I think it can be "tested" the same way we do core::arch::nvptx (this is also a similar NO_RUN, NO_STD target). For those targets, we just test in CI that it builds. You can just look at how we handle nvptx64-nvidia-cuda in .github/workflows/main.yml. Also you would need to add this target to ci/dox.sh to check that the documentation builds

Flakebi · 2025-12-14T20:31:39Z

Thanks, I tried to replicate what’s there for nvptx + adding -Ctarget-cpu (as amdgpu doesn’t compile without, it has no generic cpu) + build-std=core.
I still can’t build ci/run-docker.sh or ci/run.sh locally (ci/dox.sh seems to work if I remove s390x), but I think I got it working now.
Sorry for the many force-pushes!

The diff to my first push from when opening this PR is here: https://github.com/rust-lang/stdarch/compare/b3f5bdae0efbdd5f7297d0225623bd31c7fe895b..e1028110e77561574bfb7ea349154d46b5ea7b86

sayantn

Thanks, I have put some comments

ci/dox.sh

crates/core_arch/src/amdgpu/mod.rs

sayantn · 2025-12-16T07:29:50Z

Also I have noticed that Clang provides a different set of intrinsics than these (amdgpuintrin.h and gpuintrin.h). Is this divergence intentional? We normally stick to following the C conventions in stdarch

Flakebi · 2025-12-16T09:09:24Z

Thanks for the review!

Interesting, I thought core_arch is more akin to the __builtin_* family of functions in clang.
The clang __gpu intrinsics are definitely useful, though they are (to no surprise) missing low-level, hardware-specific intrinsics (e.g. wave_id, sethalt and buffer/image intrinsics, which I can’t add yet because they need simd type support in rustc).

I do plan to write a common gpu module for amdgpu and nvptx as well.
Maybe this one should follow gpuintrin.h?
We could e.g. have

mod amdgpu {
    mod gpu {
        use super::*;
        pub fn block_id_x() -> u32 {
            workitem_id_x()
        }
    }
}
// Same for nvptx

mod gpu {
    #[cfg(target_arch = "amdgpu")]
    pub use amdgpu::gpu::*;
    #[cfg(target_arch = "nvptx64")]
    pub use nvptx::gpu::*;

    // + more intrinsics as in gpuintrin.h
}

sayantn · 2025-12-16T09:37:20Z

The analogue to __builtin functions in C are #[rust_intrinsic] functions and linked LLVM intrinsics.

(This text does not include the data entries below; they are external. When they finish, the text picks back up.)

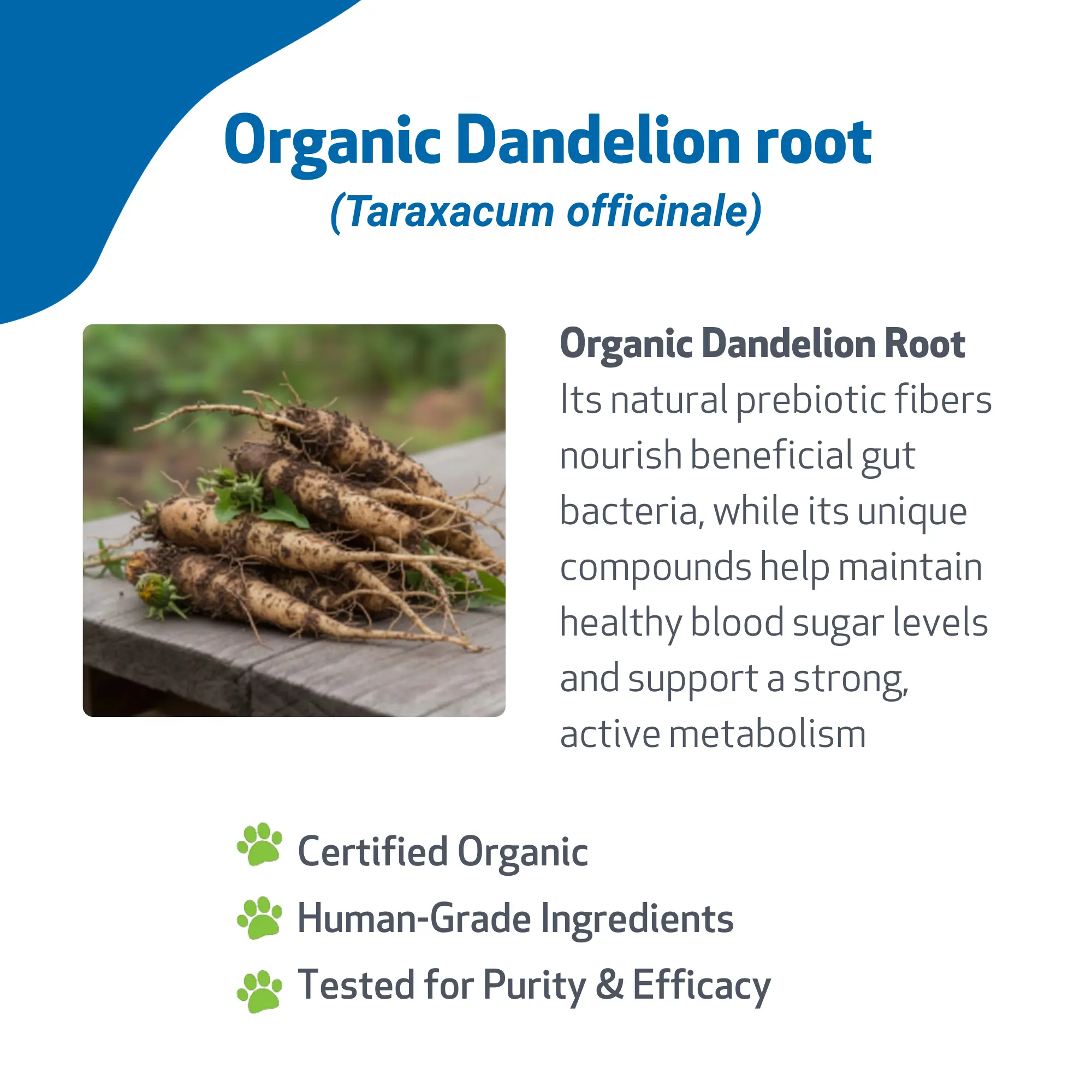 Blood Sugar Balance: Studies have shown that Dandelion Root can support normal insulin levels, making it a beneficial herb for maintaining stable blood sugar in cats.
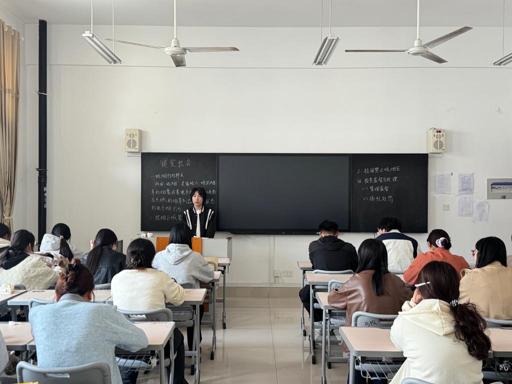 会议伊始,宿管纪检部部长梁旭锋围绕《球友会学生控烟管理办法》核心内容开展宣讲,明确“吸烟”行为界定标准,解读校园控烟区域管理要求,通报违规吸烟分级处理规则。同时,明确寝室长作为宿舍禁烟监督员的岗位职责,强调学生公寓为校园重点禁烟区域,严禁在宿舍内吸烟、乱扔烟头,要求全体寝室长以身作则、率先垂范。其次,部署寝室长具体工作任务,需做好宿舍控烟宣传、日常自查与违规劝导,及时劝阻室友吸烟行为。此外,明确将控烟工作与文明宿舍评选、评优评先挂钩,压实寝室长责任,构建“学院统筹、寝室长带头、全员参与”的长效工作格局。
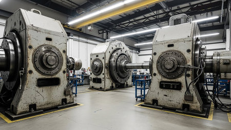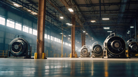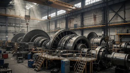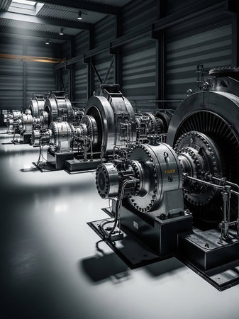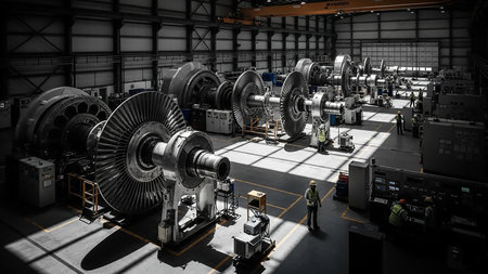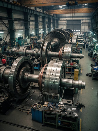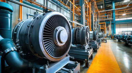 High-tech industrial turbines showcased within a modern factory, featuring intricate machinery, bright lighting, and a well-organized layout for engineering processes.
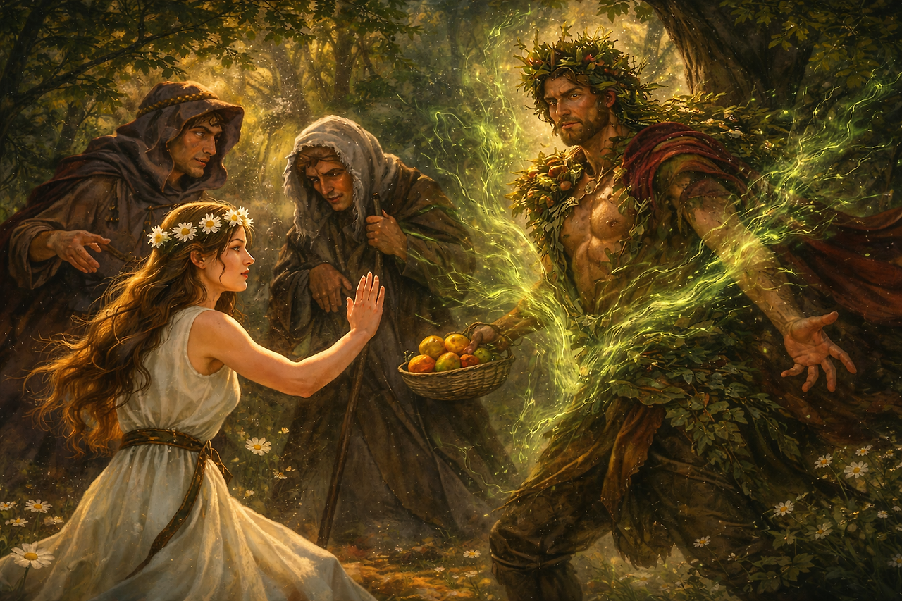 숲과 들판을 자유롭게 거닐던 요정 베리디스는 이미 마음에 둔 사랑이 있었습니다. 어느 날, 계절과 변화의 신 베르툼누스가 그녀를 보고 첫눈에 반합니다. 그는 봄의 청년, 농부, 노파 등 여러 모습으로 변신하며 그녀에게 다가가지만, 베리디스의 마음은 흔들리지 않습니다.

They are generally not exposed to users (in stable) as they are tightly linked to the compiler implementation.

If there are some interesting platform-specific intrinsics, we can add them, but generally we follow GCC and Clang in regards to intrinsics.

Yea, a common gpu module can be added following gpuintrin.h.

Add intrinsics for the amdgpu architecture.

Flakebi · 2025-12-18T14:11:23Z

Thanks for the review, that’s a nice case for const generics! I fixed all your inline comments.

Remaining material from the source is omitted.